Scales of fish
Scales are the prominent structure present on the outer surface of a fish body. It helps fishes in providing insulation and also plays an important function in protecting them (ie., fishes) from various kinds of external environmental stresses.
Types of fish scales with diagram
There are generally five different types of scales present on fishes which are discussed elaborately below along with their respective diagrams:
i) Placoid scale:
1. These type of scales are small, pointed and tri radiate in shape and size.
2. Denticles are found embedded in the dermal layer of their skin.
3. It consists of a diamond-shaped or rhomboidal-shaped basal plate, having an opening of the pulp cavity and flat trident spine.
4. Their basal plate remains embedded in the dermis which is held by sharpey’s and other connective tissue fibres and formed of a trabecular calcified tissue, the cement.
5. Their spine is composed of a hard-calcareous substance and their dentine is coated externally with a hard and dense enamel, such as vitrodentine.
6. The pulp cavity of their basal plate and spines contains dentine forming cells, the odontoblast, blood vessels, nerves and lymph channels.

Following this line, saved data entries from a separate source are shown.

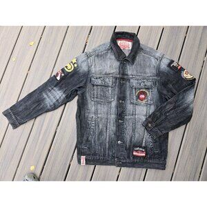 ECKO UNLTD Jacket Mens LARGE Black Patches Denim Distressed Button
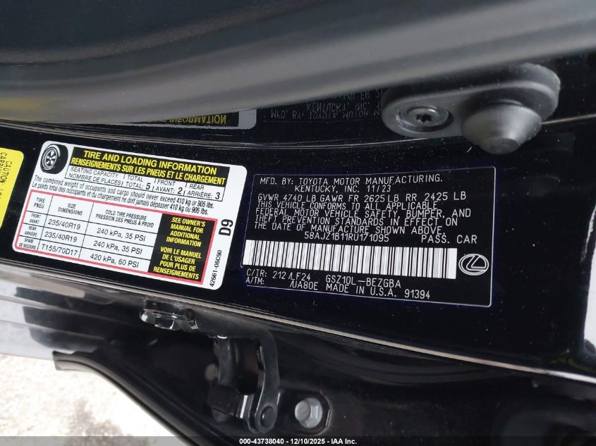 2024 LEXUS ES 350 2024 року Бензин, 3.5, Передній привід, vin - 58AJZ1B11RU171095 з США
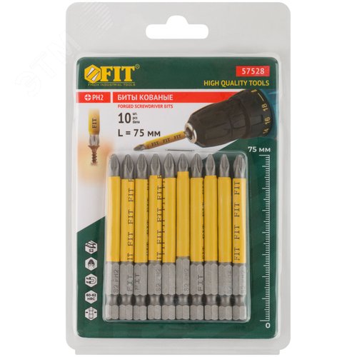 Биты кованые сталь S2 односторонние 75 мм PH2 Профи 10 шт блистер
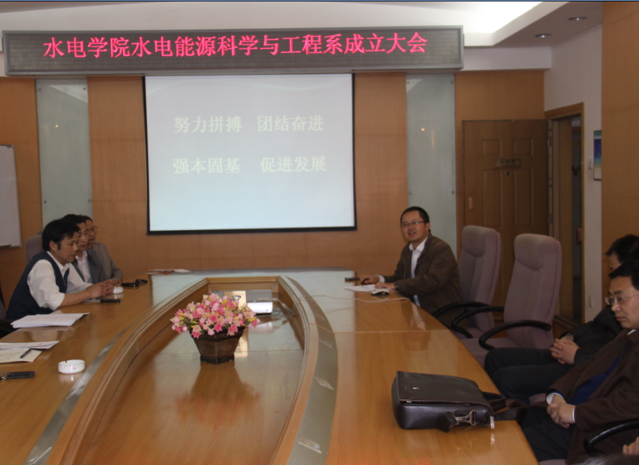 2012年4月6日下午,水电学院在仿真中心三楼举行水资源与水信息科学系和水电能源科学与工程系成立大会。出席大会的有学院党总支书记熊美欣,院长周建中,副院长常黎、徐学军,副书记刘洋,院长助理黎育红,办公室主任朱文杰等领导,水电学院水资源与水信息科学系、水电能源科学与工程系的全体老师。会议分别由水资源与水信息科学系主任曾致远和水电能源科学与工程系主任王金文主持。

7. Examples of fishes having placoid scales are: sharks, skates and rays.
ii) Ctenoid scale:
1. These type of scales are generally soft and flat dermal plates whose groove-like part is firmly attached and hind teeth bearing part remains free.
2. It is composed of a central thicker part called ‘nucleus’ and numerous concentric lines of growth for finding the age of fish.
3. On their posterior end numerous longitudinal grooves are present which are used for sucking nourishment from the fish skin.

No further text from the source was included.